How do I show that the equation x^5 +2x^3 -x^2 -2x -6 only has one solution without using the graphical method

Question

How do I show that the equation x^5 +2x^3 -x^2 -2x -6 only has one solution without using the graphical method? Please explain

Answer 1

simple just find out DISCRIMINANT= b^2 - 4ac

if Dis is +ve then there are two real distinct roots

if Dis is 0 then there is exactly one root.

If the discriminant is negative, there are no real roots. Rather, there are two distinct (non-real) complex roots, which are complex conjugates of each other

in your question

check for solving quintic equations and bring it in the form of
quadratic equation.

Answer 2

Interesting problem. I solved it as follows:

(1) There are no solutions for -1 < x < 1. To show this, note that if -1 < x < 1, then -1 < x^n < 1 for any integer n. Therefore, -1 < x^5 < 1, -1 < x^3 < 1, and 0 < x^2 <1. So, the quintic equation x^5 + 2x^3 - x^2 - 2x - 6 has to be less than 1 + 1*2 - 0*2 - (-2)*1 - 6 = 1 + 2 + 2 - 6 < 0. Therefore, this quintic is less than zero for all -1 < x < 1, proving it has no roots between -1 and 1.

(2) The equation is strictly increasing for x > 1. To show this, take the first derivative: f'(x) = 5x^4 + 6x^2 -2x -2. Since 6x^2 > 2x for all x > 1, f'(x) has to be at least 5 - 2, which is greater than zero, hence the quintic is increasing for all x > 1. Since the first step proved the quintic is less than zero for the range -1 < x < 1, we know there is exactly one root for x > 1.

(3) The equation is also strictly increasing for x < -1. Again, take the first derivative: f'(x) = 5x^4 + 6x^2 -2x -2. Since 6x^2 > 2x for all x < -1, f'(x) has to be at least 5 - 2, which is greater than zero, hence the quintic is increasing for all x < -1. Since the first step proved the quintic is less than zero for the range -1 < x < 1, we know there are no roots for x < -1.

qed!

Answer 3

the only way i will see to try this is utilising calculus.
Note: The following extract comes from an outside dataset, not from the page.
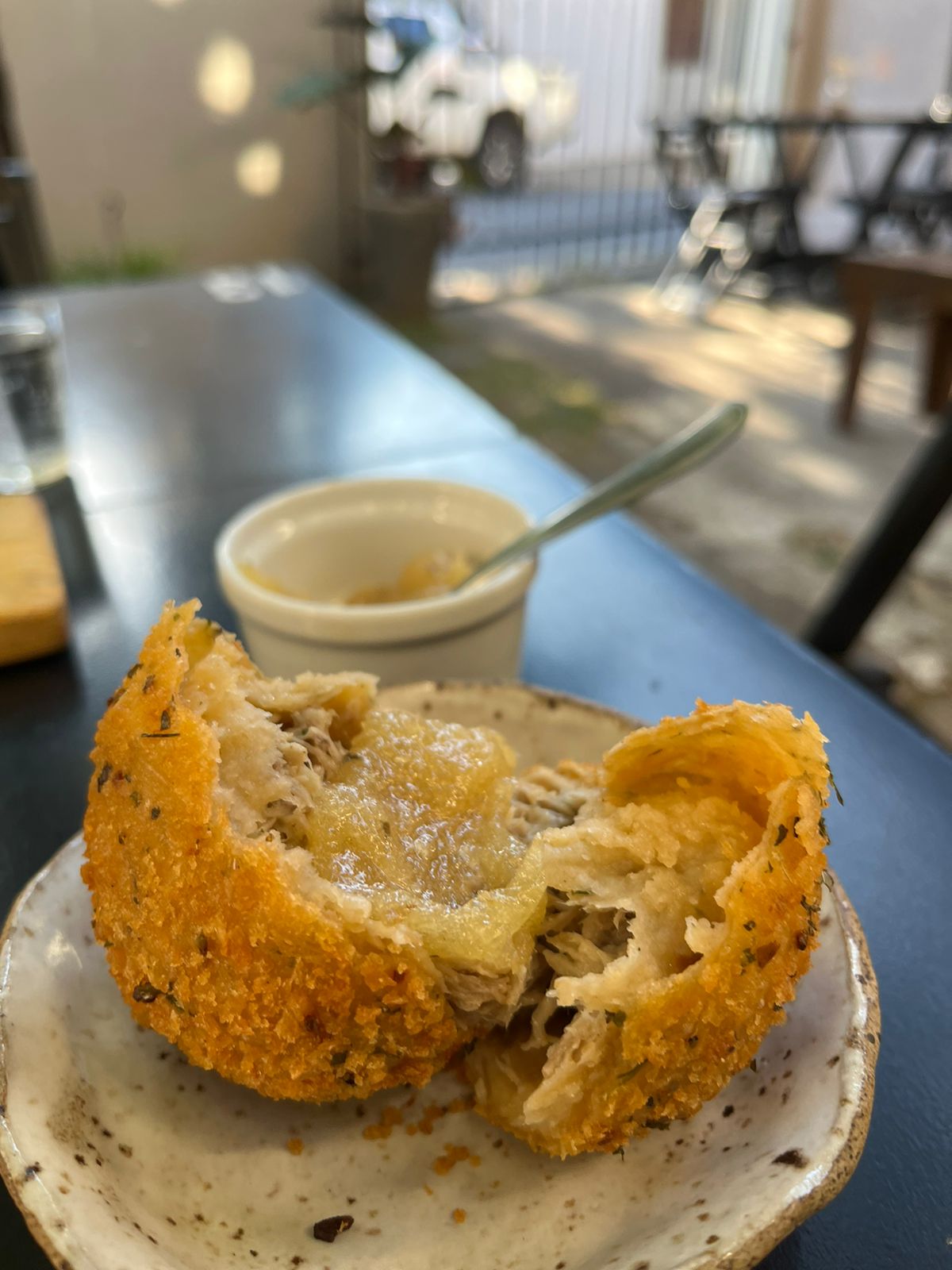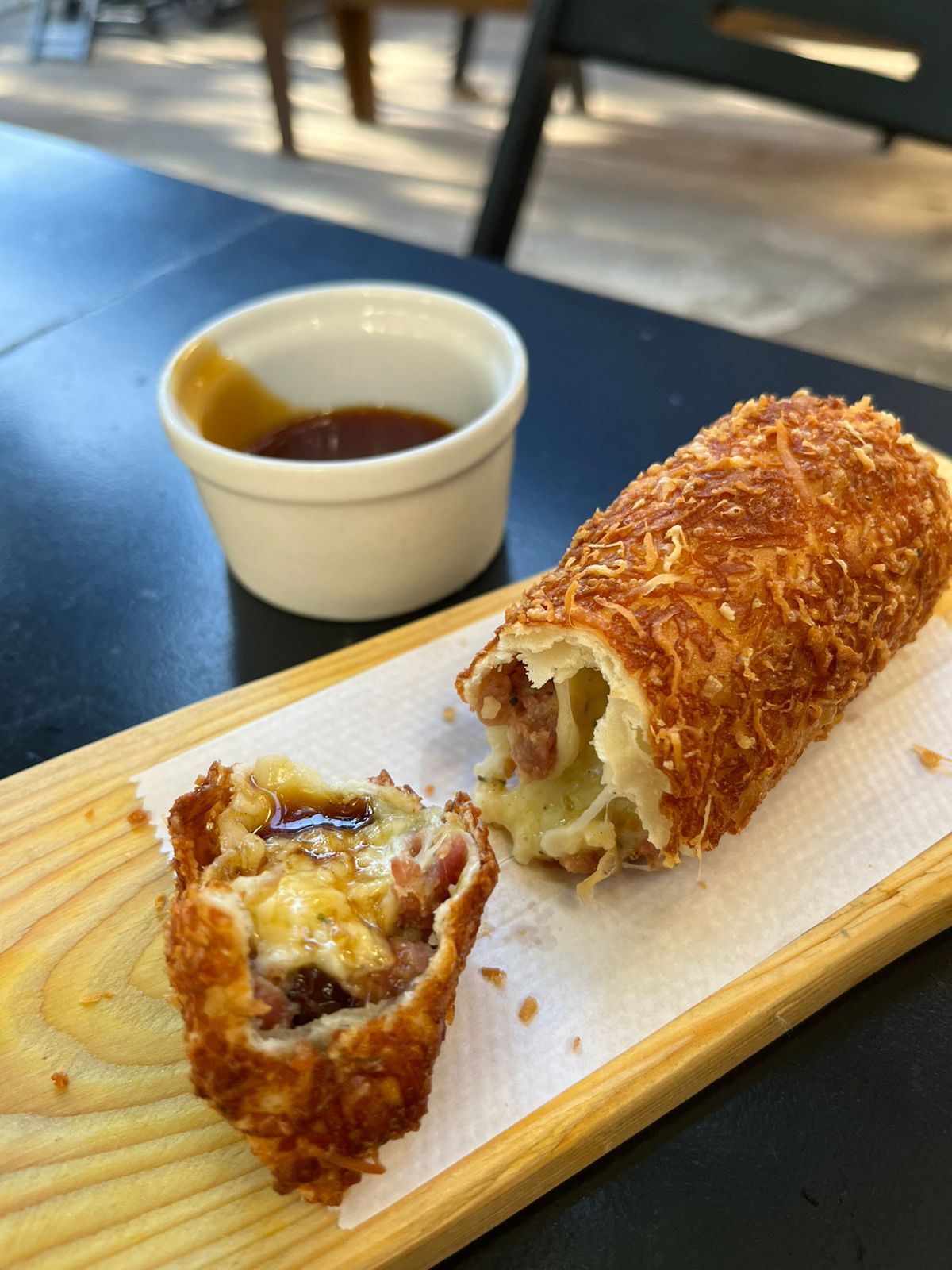 Para o segundo round, o Cigarrete de Linguiça com Queijo acompanhado de melado. Juntos e misturados, o salgado faz jus ao que Minas Gerais tem de melhor. A personalidade forte e intensa mora aqui. Dois a zero para a chef.

Take the spinoff and notice the place that is increasing and lowering. every time the spinoff is effective that is increasing and everywhere the spinoff is destructive that is lowering. everywhere it switches signs and indications the function has a community optimal or community minimum. evaluate the function on each of those durations and instruct that it in basic terms adjustments signs and indications one time. this might instruct that there is in basic terms one root to the function. there is not any rational root to this function, meaning that is an irrational root.

Answer 4

First- Any nth degree (here n=5) polynomial has at most n complex roots.

Second : One way would be to find all the roots
root1 = 1.395917950,
root2 = .1362911182+1.710032257*I,
root3 = -.8342500933+.8744321762*I,
root4 = -.8342500933-.8744321762*I, .
root5 = 1362911182-1.710032257*I
ie 4 complex roots, one real root. All 5 roots have been found and only one is real.